───── Records supplied ─────

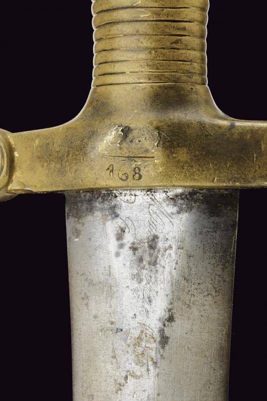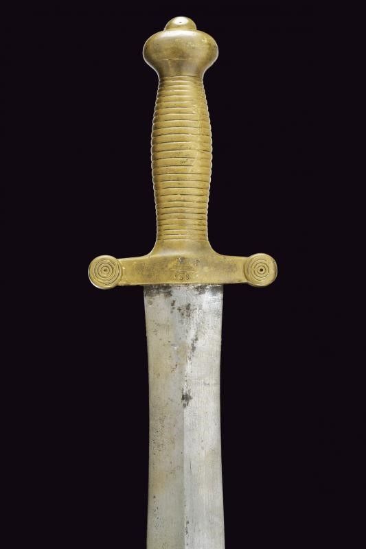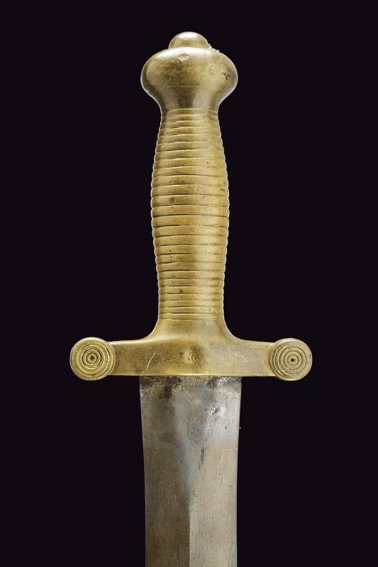 Francia, lunghezza 63.8 cm. Lama dritta costolata, a due fili, al forte marcata, resti della firma. Fornimento massiccio in ottone numerato '168' e marcato con ancora. Fodero in cuoio con fornimenti in ottone. Questo lotto è importato da un Paese extra UE e comporta una tassazione aggiuntiva rispetto alla commissione della casa d'aste e alla tassa sul servizio. Di conseguenza, la commissione totale, comprensiva di tutte le tasse, ammonta al 35%.
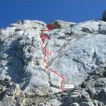 - L4 Superare con delicatezza lo strapiombo sopra la sosta (1 ch. all’inizio del passaggio, V) e continuare lungo la fessura successiva, ora fra placche compatte. Attenzione che prima che la fessura diventi più verticale e difficile, la si deve abbandonare uscendo verso destra, rinviando un vecchio ch. (V-) e proseguendo poi per qualche metro in leggero obliquo a destra fino a una sosta con 2 ch. da collegare (30 m, V).
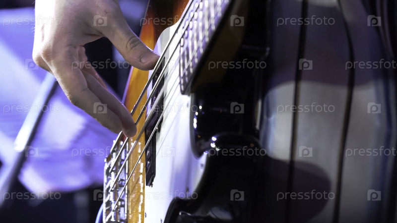 Он играет на гитаре.Гитарист.Человеческая рука и шестиструнная электрогитара.Закрывая гитару с помощью гитары
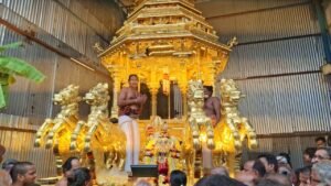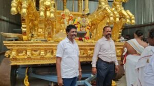 இதன் தொடர்ச்சியாக தங்கத்தேர் செய்த சிற்பிகளுக்கு சால்வை அணிவித்து கௌரவித்தார்.
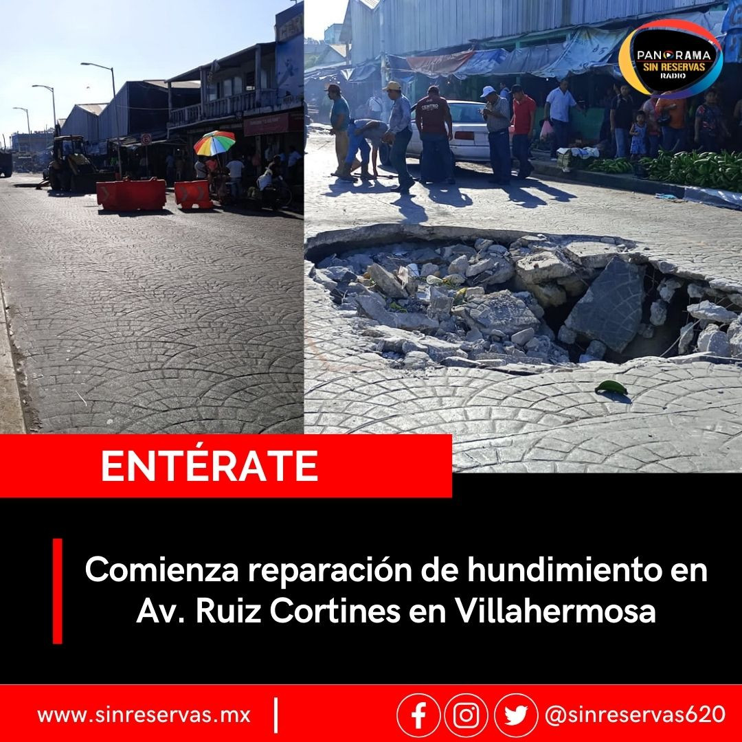 Obras Públicas del Ayuntamiento de Centro trabaja en la reparación de un hundimiento en la Av. Adolfo Ruiz Cortines, en inmediaciones del tianguis Jesús Taracena. Se espera concluir los trabajos este fin de semana para evitar riesgos a peatones y conductores.
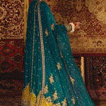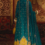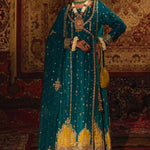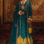 'Mehr Bano' has an exquisite harmony of color and pattern. Adorn yourself in this beautifully crafted ferozi angharka with intricate hand work of mehrab and floral motifs paired with a matching organza dupatta with heavy zardozi. This outfit is complimented with an accent applique in lime green and purple finshing. This outfit is paired with a banarsi silk churidar pajama and a handcrafted contrasting pouch to complete the look.
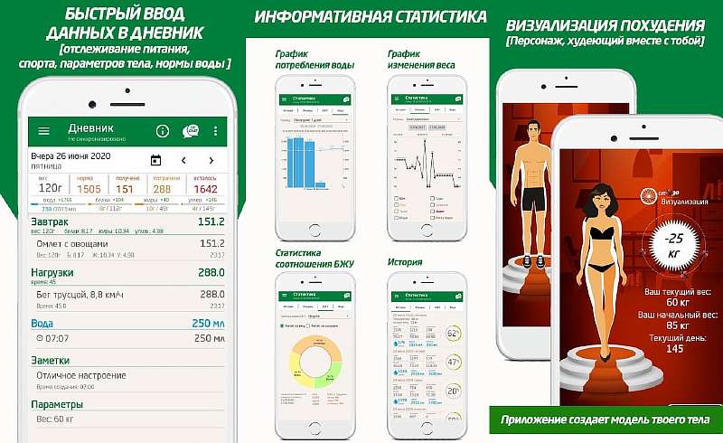 Естественно, все подсчеты программа проводит автоматически, попутно выдавая советы по сбалансированному питанию. Ваш личный прогресс заносится в дневник, так что вы легко сориентируетесь, сколько точно скинули или набрали в любой момент времени. За успешное соблюдение диеты будут начисляться еще и награды, которые здорово мотивируют совершенствоваться дальше. Неудивительно, что отзывы у программы самые положительные.
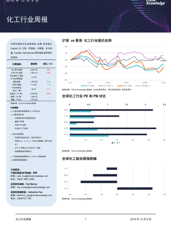 【China Knowledge】【20191209】20191209-China Knowledge-化工行业周报-29页

─────

_What is being asked_. Only the lines from the first line of the data above through the line with "- L4 Superare" should appear in the answer, retyped exactly, with every picture left out.

_Solution_.
 Francia, lunghezza 63.8 cm. Lama dritta costolata, a due fili, al forte marcata, resti della firma. Fornimento massiccio in ottone numerato '168' e marcato con ancora. Fodero in cuoio con fornimenti in ottone. Questo lotto è importato da un Paese extra UE e comporta una tassazione aggiuntiva rispetto alla commissione della casa d'aste e alla tassa sul servizio. Di conseguenza, la commissione totale, comprensiva di tutte le tasse, ammonta al 35%.
 - L4 Superare con delicatezza lo strapiombo sopra la sosta (1 ch. all’inizio del passaggio, V) e continuare lungo la fessura successiva, ora fra placche compatte. Attenzione che prima che la fessura diventi più verticale e difficile, la si deve abbandonare uscendo verso destra, rinviando un vecchio ch. (V-) e proseguendo poi per qualche metro in leggero obliquo a destra fino a una sosta con 2 ch. da collegare (30 m, V).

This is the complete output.